Here, it is given that two unbiased dice are rolled once and we need to find probability in all three cases provided.
As we know the basic definition of probability is the extent to which an event is likely to occur, measured by the ratio of the favourable cases to the whole number of cases possible.
Hence, probability of any event is given by;
$P=\dfrac{\text{Favourable cases to that event}}{\text{Total cases (Sample space)}}..........\left( 1 \right)$
We use the term ‘sample space’ as well for ‘total cases’.
Now, first we need to find sample space for rolling two unbiased dice. We have numbers on one dice as $\left\{ 1,2,3,4,5,6 \right\}$.
Here, we have two dices, so there will be pairs of numbers$\left\{ 1,2,3,4,5,6 \right\}$as given below;

123456
1(1, 1)(1, 2)(1, 3)(1, 4)(1, 5)(1, 6)
2(2, 1)(2, 2)(2, 3)(2, 4)(2, 5)(2, 6)
3(3, 1)(3, 2)(3, 3)(3, 4)(4, 5)(3, 6)
4(4, 1)(4, 2)(4, 3)(4, 4)(4, 5)(4, 6)
5(5, 1)(5, 2)(5, 3)(5, 4)(5, 5)(5, 6)
6(6, 1)(6, 2)(6, 3)(6, 4)(6, 5)(6, 6)


Now, we have a table of sample space for rolling two unbiased dices.
Here, the total number of cases in sample space is 36 (6 x 6).
Now, let us calculate favourable cases for all three cases given in problem;
a) A sum 8
Let us calculate/ observe the total number of cases where the sum of numbers on first dice and second dice is 8.
So, favourable cases for this condition from the table given, we get;
$\left\{ \left( 2,6 \right),\left( 3,5 \right),\left( 4,4 \right),\left( 5,3 \right),\left( 6,2 \right) \right\}$
Hence, we get ‘5’ cases where the sum of numbers on both dice is 8.
Hence probability is given as;
$P=\dfrac{\text{Favourable cases}}{\text{Total cases (Sample space)}}$
We have,
Total cases = 36
Favourable cases = 5
$P=\dfrac{5}{36}$
Hence, probability of getting a sum 8 when two unbiased dice are rolled is $\dfrac{5}{36}$
b) A doublet
First we need to understand the term ‘doublet’ which is used when we have the same numbers on both dices.
Hence, favourable cases for this case would be that how many times, we get same numbers on dices;
Cases from table is given as;
$\left\{ \left( 1,1 \right),\left( 2,2 \right),\left( 3,3 \right),\left( 4,4 \right),\left( 5,5 \right),\left( 6,6 \right) \right\}$
 Hence, number of favourable cases = 6
Therefore, Probability of getting doublet is given as;
$\begin{align}
  & P=\dfrac{6}{36}=\dfrac{1}{6} \\
 & P=\dfrac{1}{6} \\
\end{align}$
c) Sum greater than 8
Here, number of favourable cases from the table can be observed in a way such as;
Sum greater than 8 = number of cases for sum ‘9’ + number of cases for sum ‘10’ + number of cases for sum ‘11’ + number of cases for sum ‘12’.
Hence, favourable cases from the table of sample space, we get;
$\left\{ \left( 3,6 \right),\left( 4,5 \right),\left( 5,4 \right),\left( 6,3 \right),\left( 5,6 \right),\left( 6,5 \right),\left( 4,6 \right),\left( 5,5 \right),\left( 6,4 \right),\left( 6,6 \right) \right\}$
Hence, probability for sum greater than ‘8’ is given by;
$\begin{align}
  & P=\dfrac{10}{36}=\dfrac{5}{18} \\
 & P=\dfrac{5}{18} \\
\end{align}$
Hence, answers for the given problem are given as $\dfrac{5}{36},\dfrac{1}{6},\dfrac{5}{18}$.

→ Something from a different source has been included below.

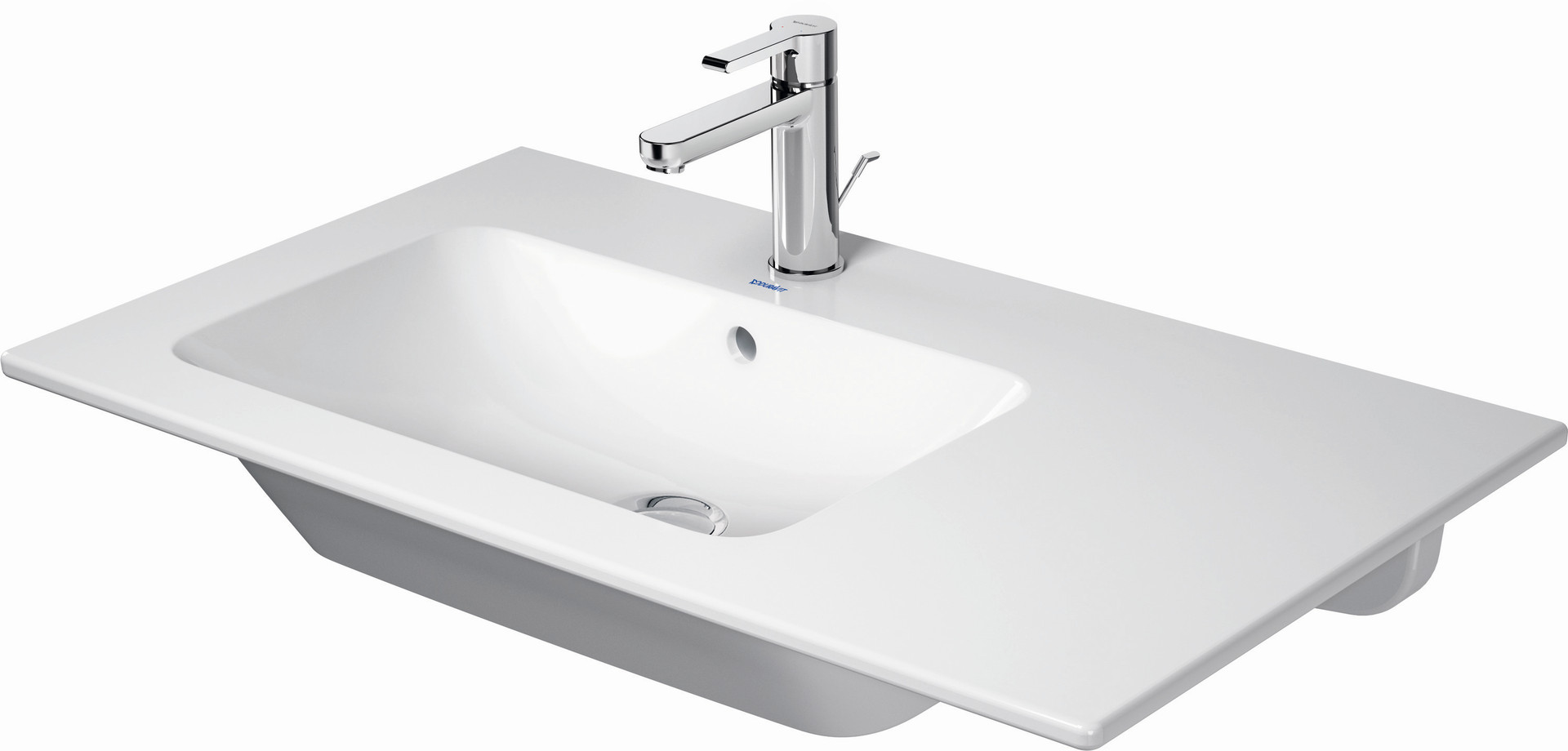 Duravit Möbel-Waschtisch Me by Starck 83x49cm, Becken links, Überlauf, Hahnlochbank, ohne Hahnloch, weiß seidenmatt K24588264

Note: One can go wrong for writing the favourable cases for problem ‘3’ i.e. sum greater than 8. One can include cases for sum equal to ‘8’ as well which is wrong as the question is saying, we need to include sum greater than 8 only. Hence, we need to take care of these kinds of problems where ‘greater than’ or ‘lower than’ is involved.
One needs to prepare the whole table for solving these kinds of problems. We have provided a whole sample to make the solution easier and one can understand it easily.
One can go wrong when he/she misses any elements for favourable cases. Hence, always check twice or thrice for a favourable number of cases in probability.